Democrats Unveil a Plan to Fight GOP Gerrymandering

Thanks to cynical district gerrymandering Republicans have managed to hold far more state level and congressional districts than they by rights should hold.  In Virginia the problem is especially egregious and one congressional district has been ruled illegal and a court challenge to state level districts is underway.  Should the districts be struck down and rational, geographically compact districts be put in place, the power of the GOP would be severely lessened.  A piece in the New York Times looks at the Democrat effort to end shameless gerrymandering.  Here are highlights:

The Democratic Governors Association is creating a fund dedicated to winning races in states where governors have some control over congressional redistricting, the party’s first step in a long-range campaign to make control of the House more competitive.
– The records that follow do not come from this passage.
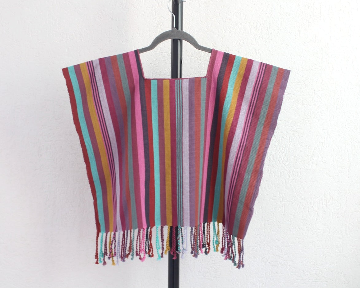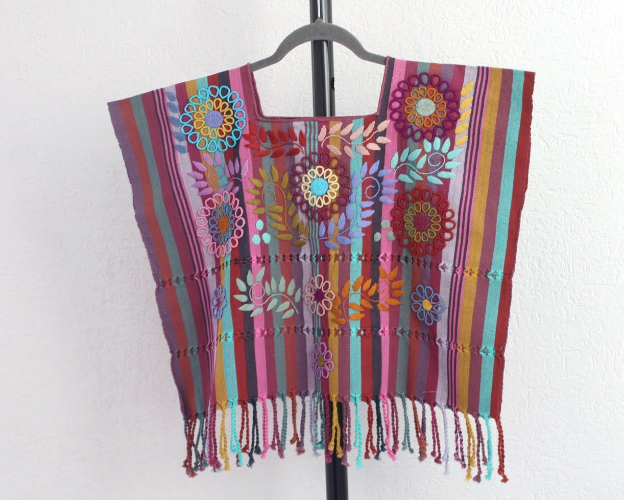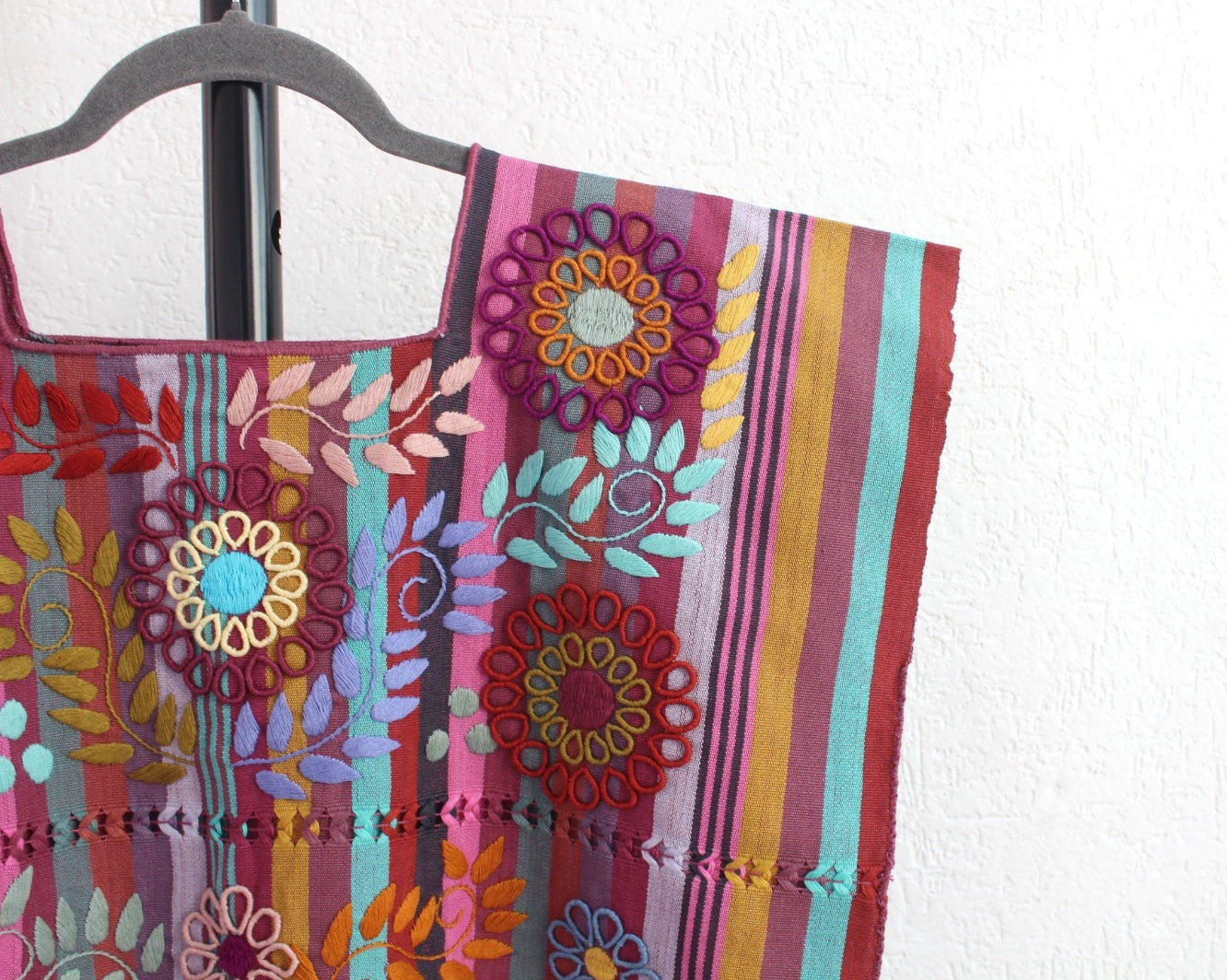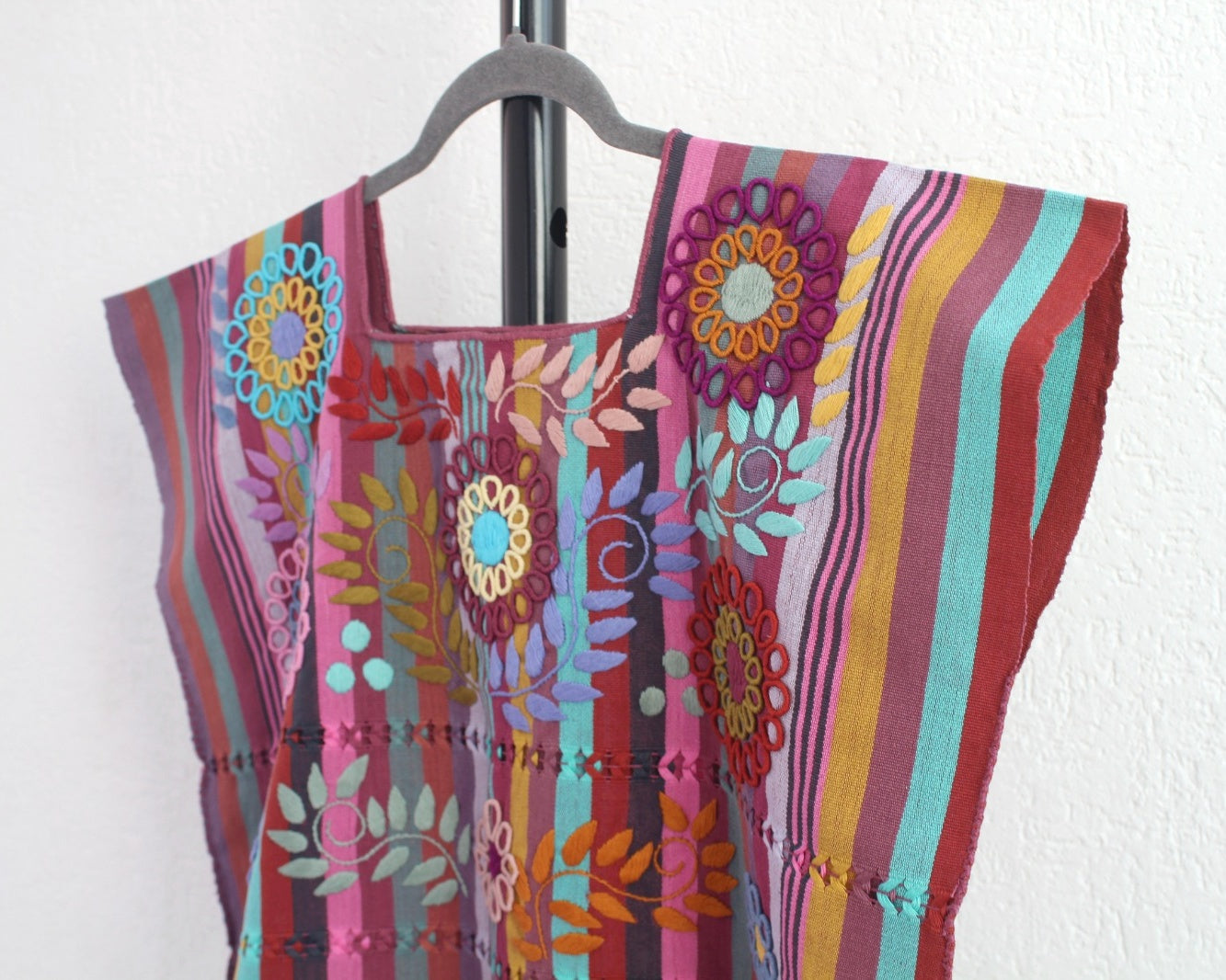 Hermoso detalle con lindas flores y hojas que destacan sobre un lienzo con líneas verticales de colores rosa, lila, menta, negro, amarillo turquesa y violeta que hacen una blusa única muy linda
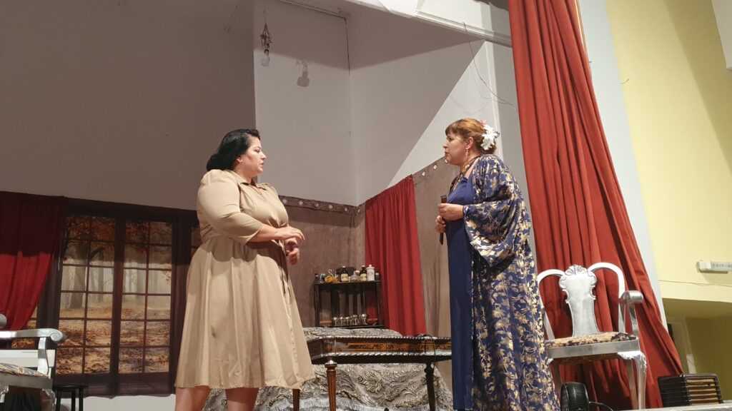 Την σκηνοθεσία της θεατρικής παράστασης και την αφήγηση έκανε η Μαρία Παπακωσταντίνου η οποία υποδύθηκε και το ρόλο της αδερφής της πρωταγωνίστριας ηρωίδας Λέλας Καραγιάννη που ερμήνευσε η ταλαντούχα Λέλα Βάγια.
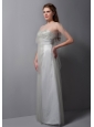 Customize Gray A-line Strapless Beading Bridesmaid Dress Floor-length Tulle and Taffeta
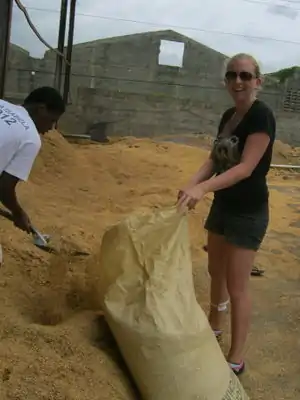 - First day to work on mixes. We went to Las Malvinas in the morning and, with Ginger's help, secured a barrel of sawdust from the coffin manufacturer who will be providing that material and the block-making site next door where we and members of the community will be doing experiments and making blocks with sawdust and other materials. We also were given two bags of lime and loaned two barrels for mixing the sawdust, lime and water to soak. After an initial mix, the owner of the plant arrived and made some changes to the mixture we had put together, encouraging us to "go big" with our experiments. There was a high level of interest from the community members who came to work with us - they really ended up taking over much of the work, sifting, mixing and all the while peppering us with questions. A kid from the community spent most of the afternoon with us helping mix the sawdust, lime and water. We will be returning to the site on Wednesday to try more mixes and Thursday is the day to press blocks.
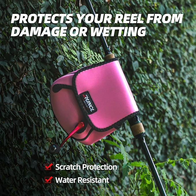RUNCL Spinning Reel Bag – Protective Storage Pouch for Baitcasting Reels & Spinning Reels, Lightweight & Durable, Ideal for Freshwater & Saltwater Fishing Trips (pink& Black)
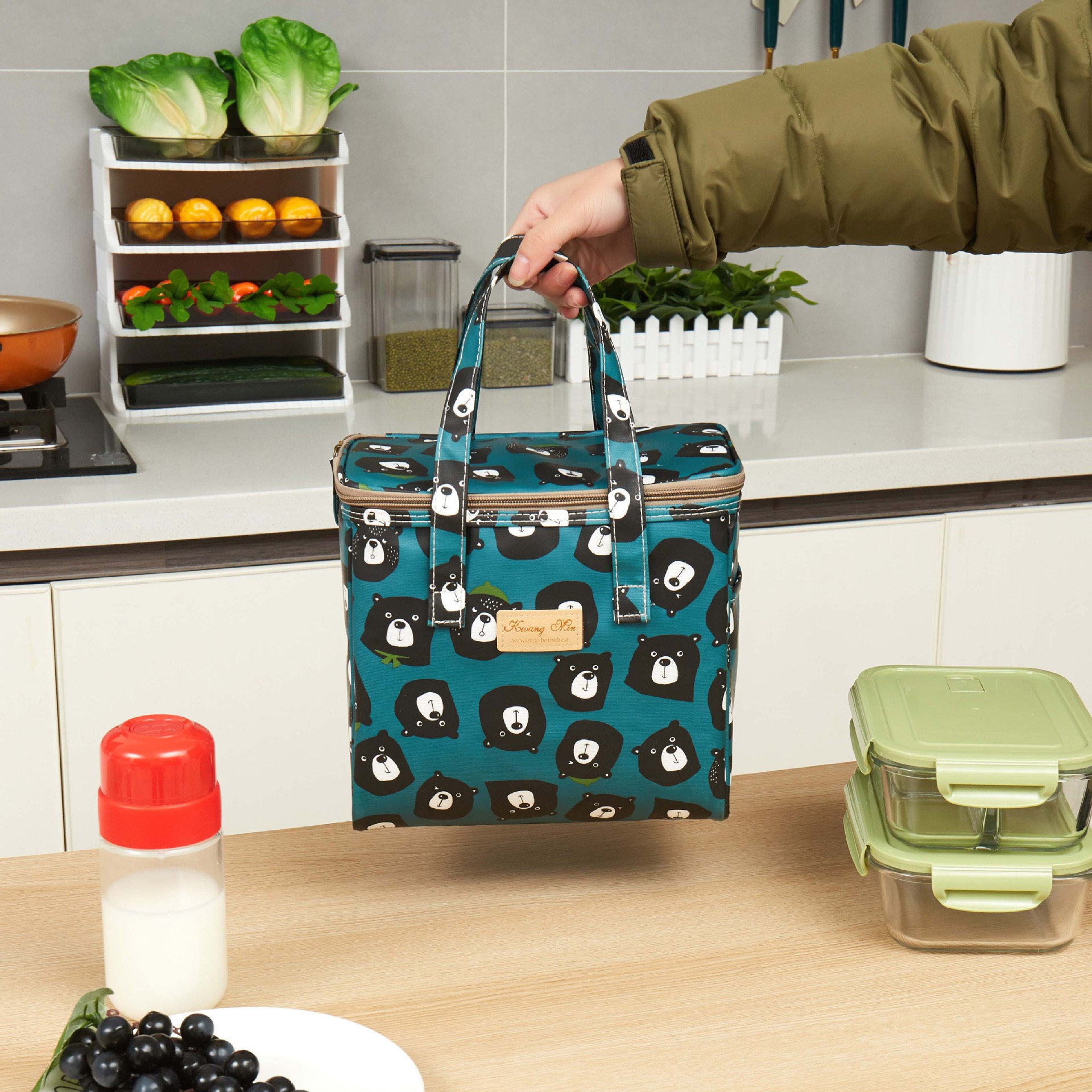 신형 아이스백 야외 피크닉 가방 대용량 방수 학생 도시락 가방 휴대용 만화 다기능 단열 테이크 아웃스토어 가기
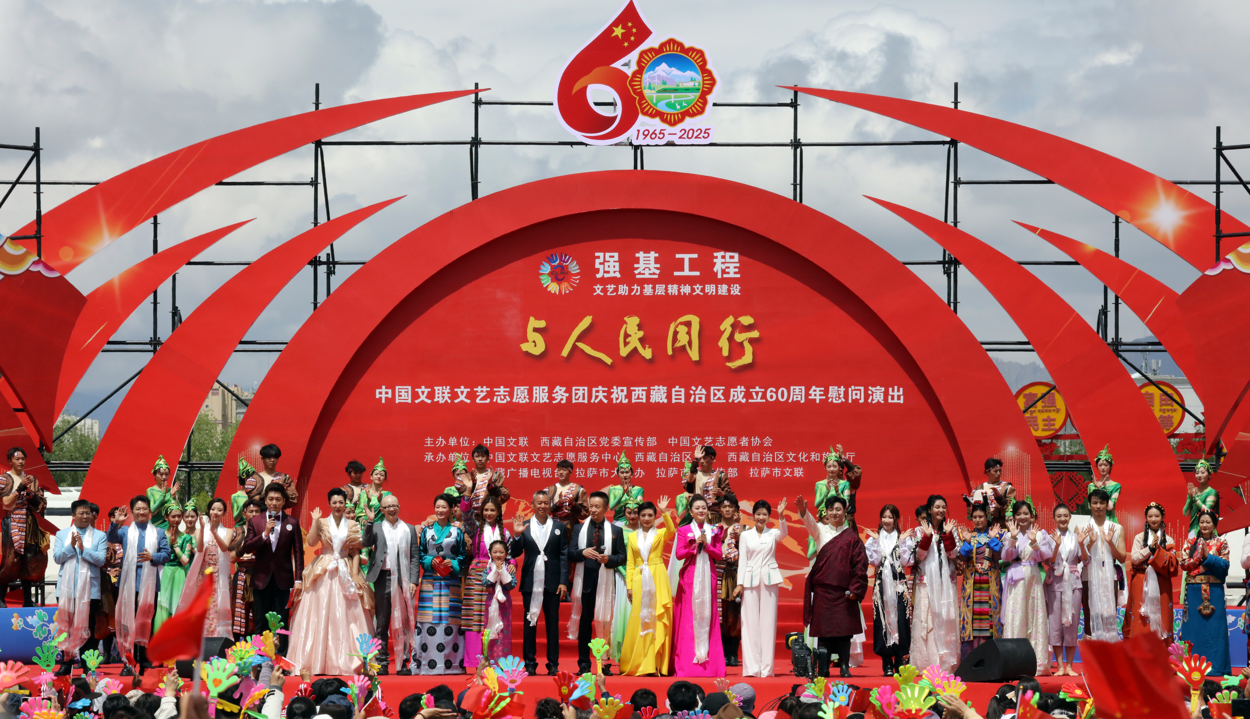 圖為中國文聯文藝志愿服務團慶祝西藏自治區成立60周年慰問演出現場。記者 次旺 攝
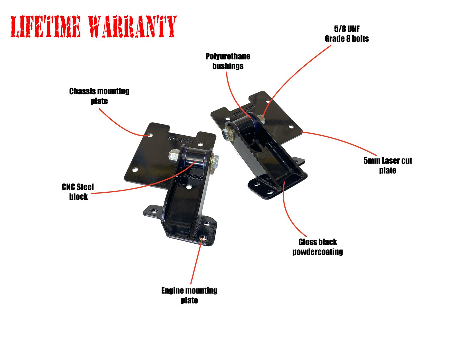 Heavy Duty Engine Mounts for Nissan SR20 Engines into Holden Geminis
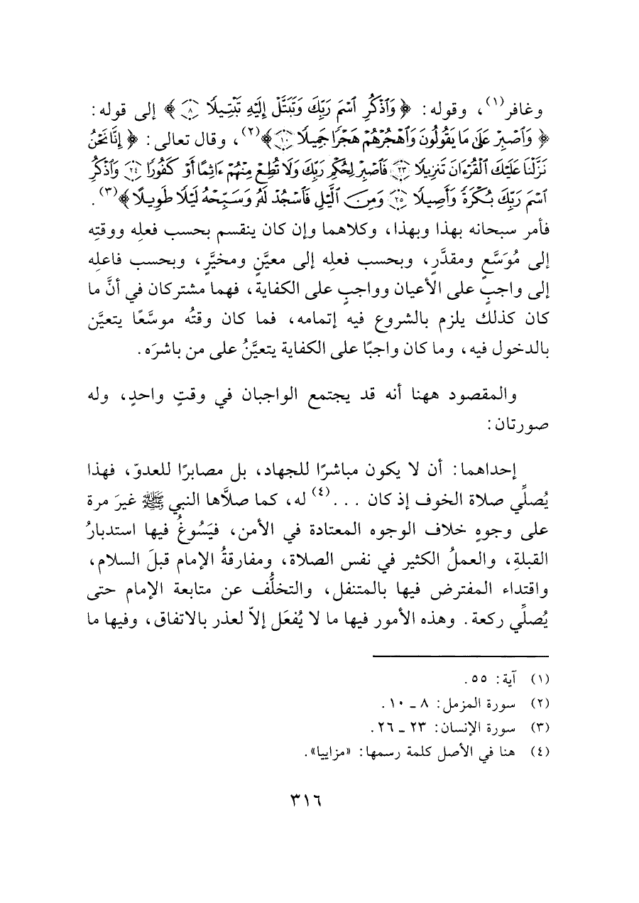 وغافر (¬١)، وقوله: (وَاذْكُرِ اسْمَ رَبِّكَ وَتَبَتَّلْ إِلَيْهِ تَبْتِيلًا (٨)) إلى قوله: (وَاصْبِرْ عَلَى مَا يَقُولُونَ وَاهْجُرْهُمْ هَجْرًا جَمِيلًا (١٠)) (¬٢)، وقال تعالى: (إِنَّا نَحْنُ نَزَّلْنَا عَلَيْكَ الْقُرْآَنَ تَنْزِيلًا (٢٣) فَاصْبِرْ لِحُكْمِ رَبِّكَ وَلَا تُطِعْ مِنْهُمْ آَثِمًا أَوْ كَفُورًا (٢٤) وَاذْكُرِ اسْمَ رَبِّكَ بُكْرَةً وَأَصِيلًا (٢٥) وَمِنَ اللَّيْلِ فَاسْجُدْ لَهُ وَسَبِّحْهُ لَيْلًا طَوِيلًا) (¬٣).

Billed as “Unrig the Map,” the effort will target 18 of the 35 states in which governors play a role in redistricting, and where new congressional maps could allow Democrats to win House seats that are now drawn in a way to favor Republicans. The fund will be used for governors’ races over the next five years, leading up to the 2020 census.
Democratic officials said that they hoped to raise “tens of millions” for the effort and that they believed they could gain as many as 44 House seats if lines were more favorably redrawn in the 18 battleground states. Many of those states still have Republican-controlled legislatures, but with Democratic governors in place they could at least veto the next round of congressional maps and send the disputes to the courts.
The fund-raising effort is to be overseen by Gov. Terry McAuliffe of Virginia and Stephanie Schriock, the president of Emily’s List, a group that works to elect Democratic women who support abortion rights.
The push is rooted in the 2010 elections, which were devastating to Democrats not only because they suffered deep losses but also because Republican victories in governors’ races and gains the party made in controlling state legislatures that year enabled Republicans to dominate redistricting in many states, achieving what could be a decade-long hold on the House.
Democrats won over a million more votes in House races than Republicans but still could not reclaim a majority, in part because of Republican-led redistricting.
Both parties operate networks of political committees intended to channel national money into governor and state legislative races. But the Republican version is far better financed: The Republican Governors Association, for example, spent $170 million during the 2014 cycle, compared with $98 million for the Democratic Governors Association.
Democratic governors and strategists have often complained that their donors are too focused on more glamorous presidential and Senate races, while Republicans have been pouring money into state-level contests.
But Mr. McAuliffe acknowledged that the Democrats had not pushed their donors enough, either. “This effort is the first time the party has really taken a serious effort at winning these races,” he said.